SOURCE MATERIAL:

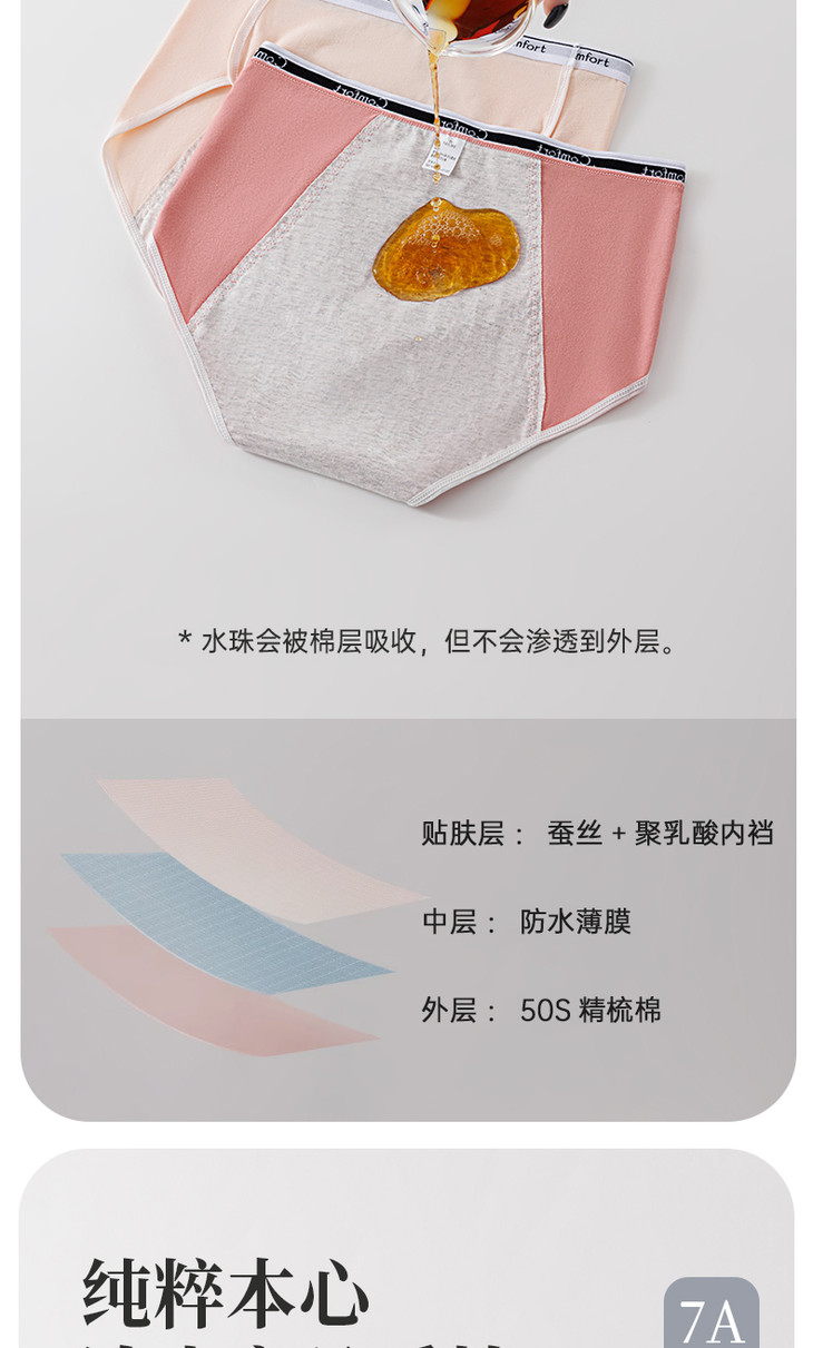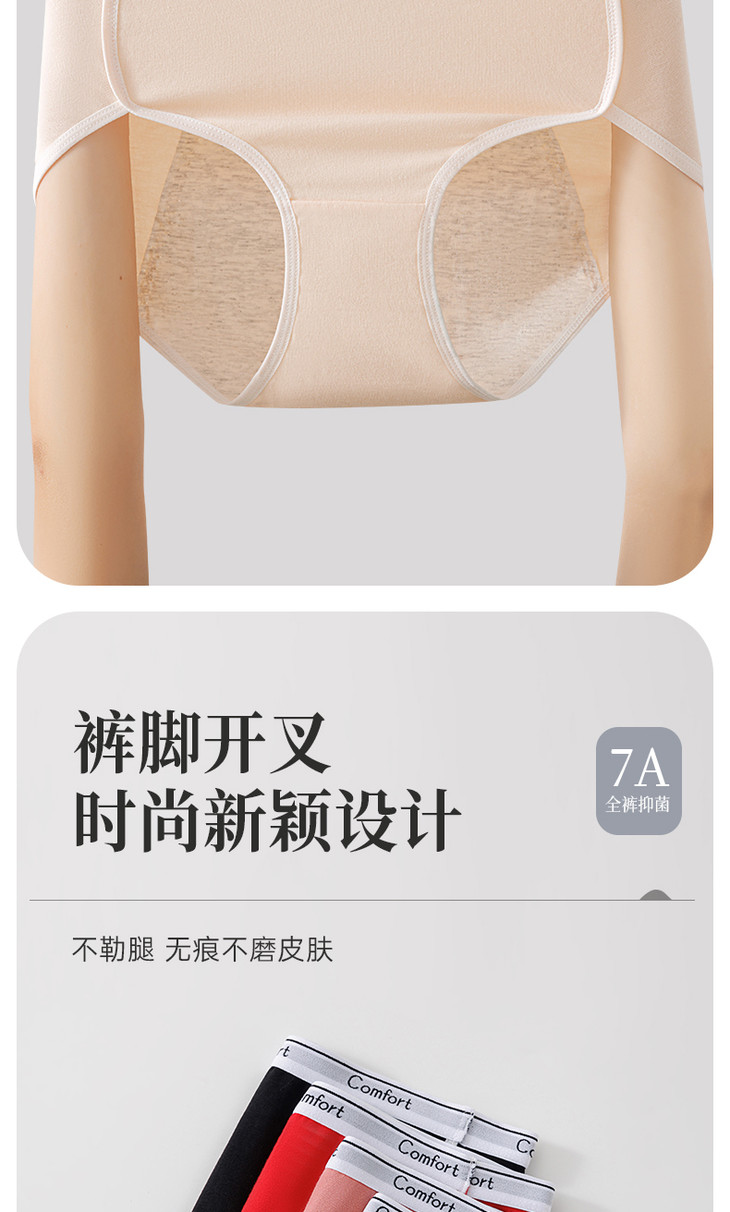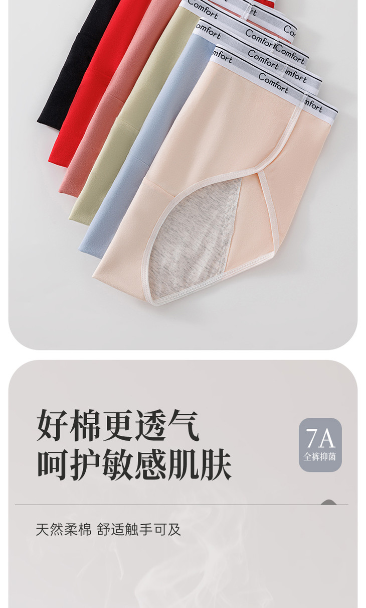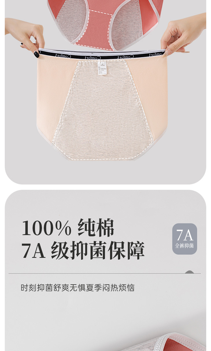 生理期专用内裤3条 前后档加宽加长 防侧漏姨妈裤 月经期安全纯棉内裤 7A抑菌纯棉裆
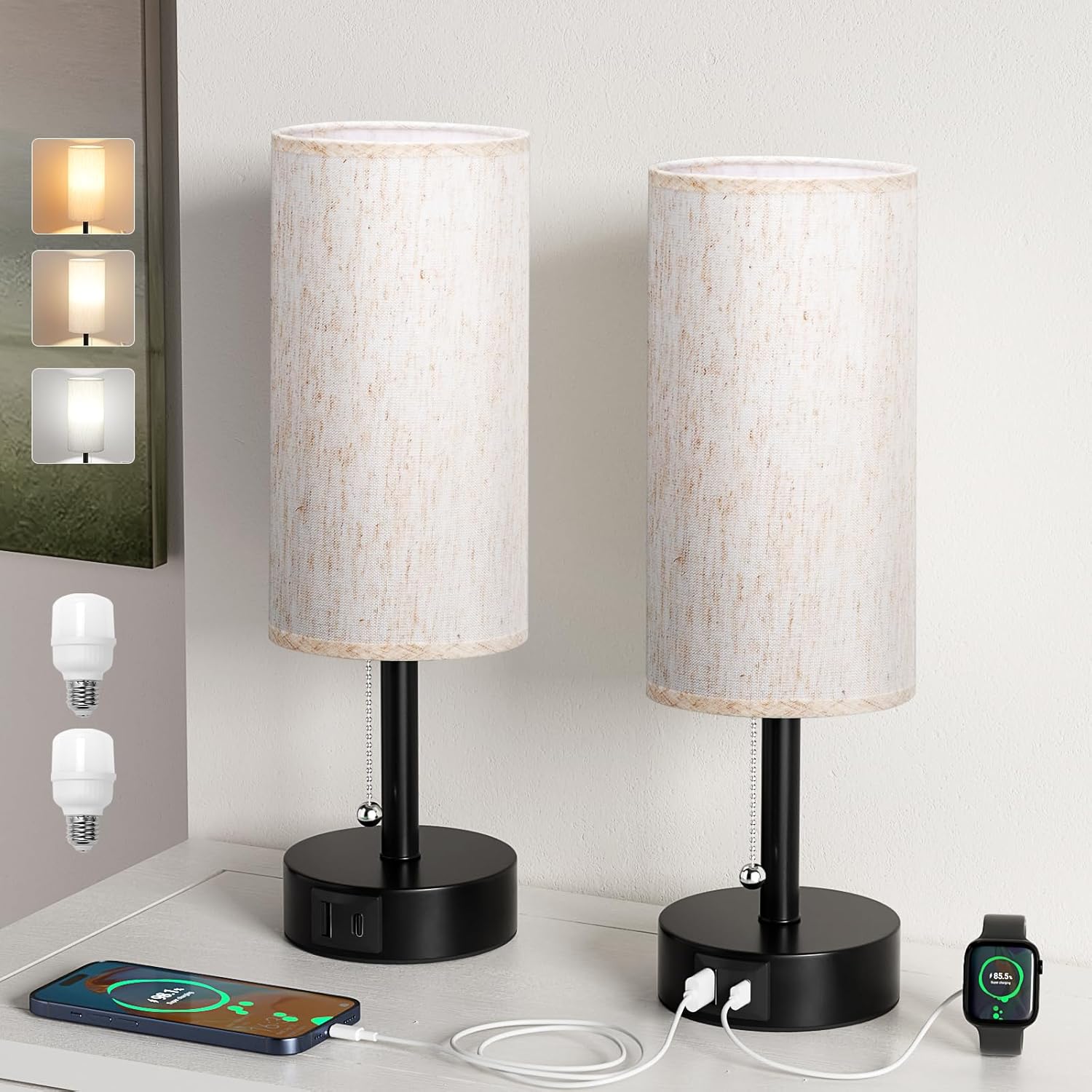 USB Bedside Table Lamps Set of 2-3 Color Temperatures Pull Chain Lamp with USB C and A Charging Ports, Round Night Stand Lamps for Bedroom
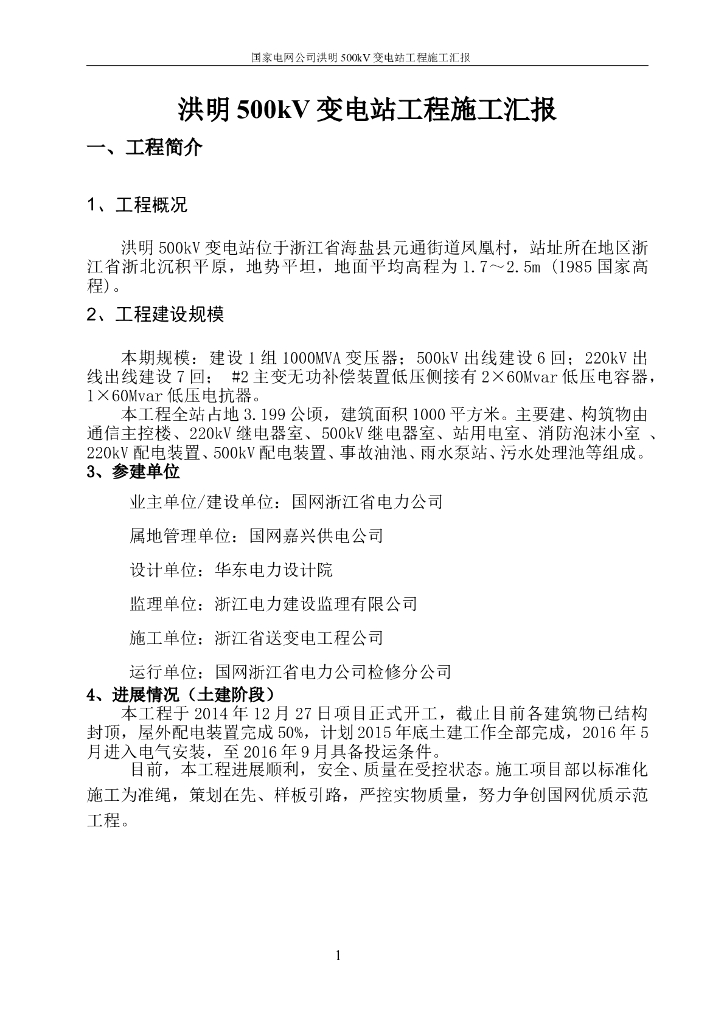 洪明500千伏变电站施工项目部汇报材料.doc

TASK TO COMPLETE:
From the first line to the last, output the data exactly; skip any pictures.

RESPONSE BOX:
 生理期专用内裤3条 前后档加宽加长 防侧漏姨妈裤 月经期安全纯棉内裤 7A抑菌纯棉裆
 USB Bedside Table Lamps Set of 2-3 Color Temperatures Pull Chain Lamp with USB C and A Charging Ports, Round Night Stand Lamps for Bedroom
 洪明500千伏变电站施工项目部汇报材料.doc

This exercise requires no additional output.